Data recovery and disk repair questions and discussions related to old-fashioned SATA, SAS, SCSI, IDE, MFM hard drives - any type of storage device that has moving parts
November 1st, 2015, 7:28
Hello guys,
thank you for any help.
So my hdd Seagate 7200.11 1 TB died recently and i admit i must have screwed it up.
Now im using a UART connection to repair/refurbish it.
Let's assume that data is not important.
What could be the best way to proceed? I dont want to spend money on it possibly.
November 1st, 2015, 8:25
Some actual details of what you did that "screwed the drive up" would be helpful.
November 1st, 2015, 8:31
I pretty much tried every single command,
1.I cleared the smart (N1, i4,1,22)
2.Spin up and down works
3.I followed the LBA0 guide (not BSY since when i use the paper to isolate the chip i can't communicate it seems)

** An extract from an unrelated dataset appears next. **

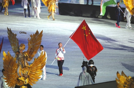 中国体育代表团旗手郭丹在闭幕式上入场。
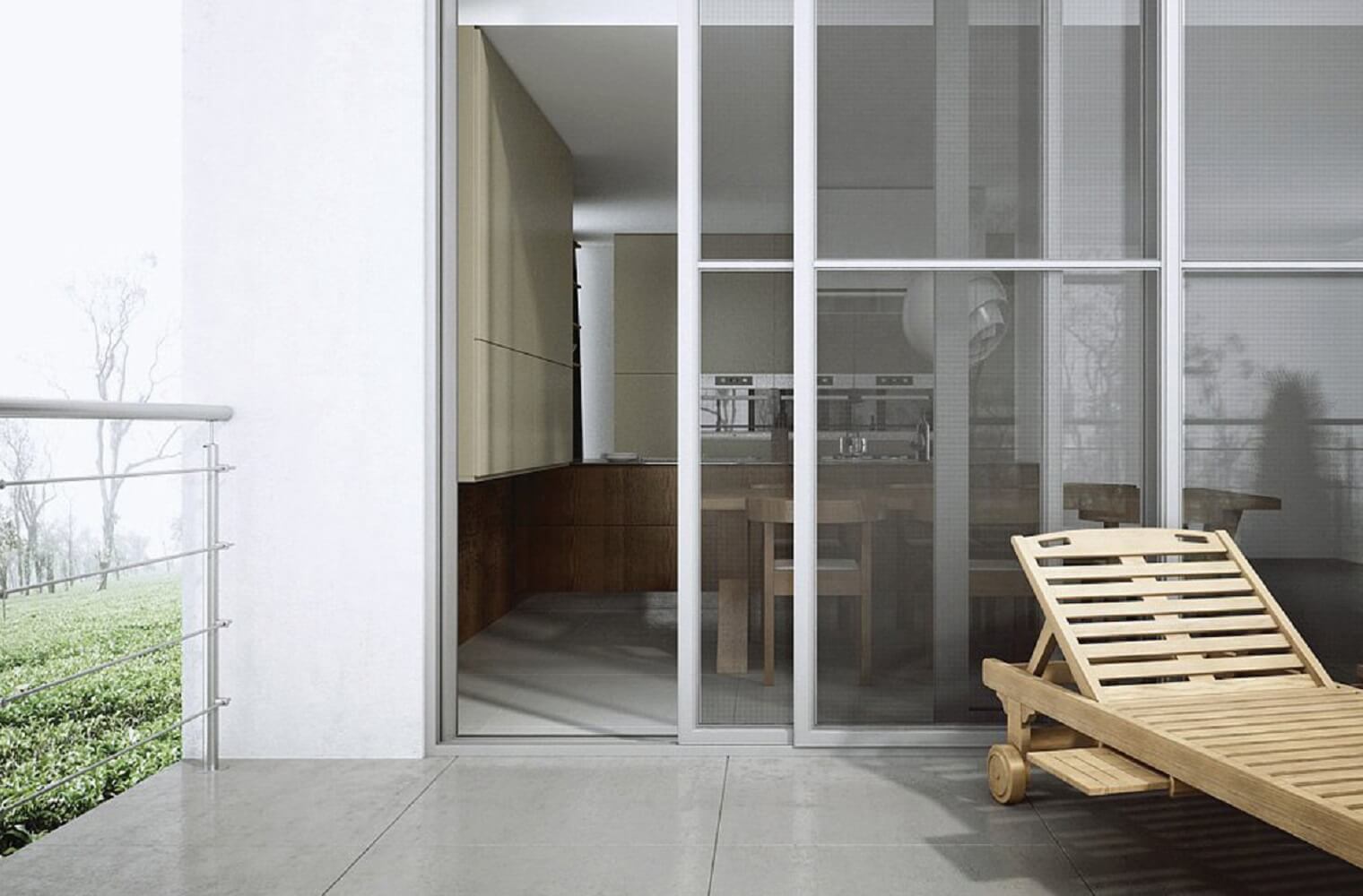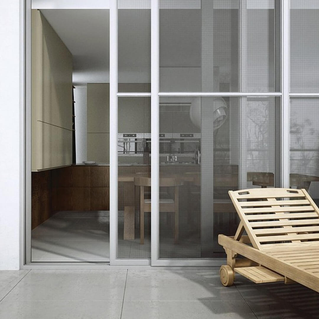 Funktioniert hervorragend mit Schiebetüren mit flacher Schwelle. Das Insektenschutzgitter kann in einem Mehrreihensystem montiert werden

4.I then used the hard format m0,8 .... but at 3% i receive bad sectors errors everywhere
My firmware is still CC1H and not SBD15 or similar
HDDGuru Low level format tool gives I/O error 1117
I haven't tried mhhd yet
I think that everything has been generated by HDD Generator, i think it screwed everything up when i tried to repair sectors since the hdd was really unresponsive with lots of dead time (stuck at 100% usage)
November 1st, 2015, 9:16
So is the constant read error associated with a broken drive's heads?
That's strange because some sectors are read correctly
November 1st, 2015, 9:33
HDD Regenerator = HDD Destroyer. It's not for data recovery, even their own disclaimer says that. It's for refurbishing drives with a few bad sectors. Drive is toast, toss it.
November 1st, 2015, 9:46
Ok so last question, could you link me an explanation about the structure of the low level sw (in general), like what is F3>/1 /2, the overall design behind an HDD.. Is the F3 Arch a standard?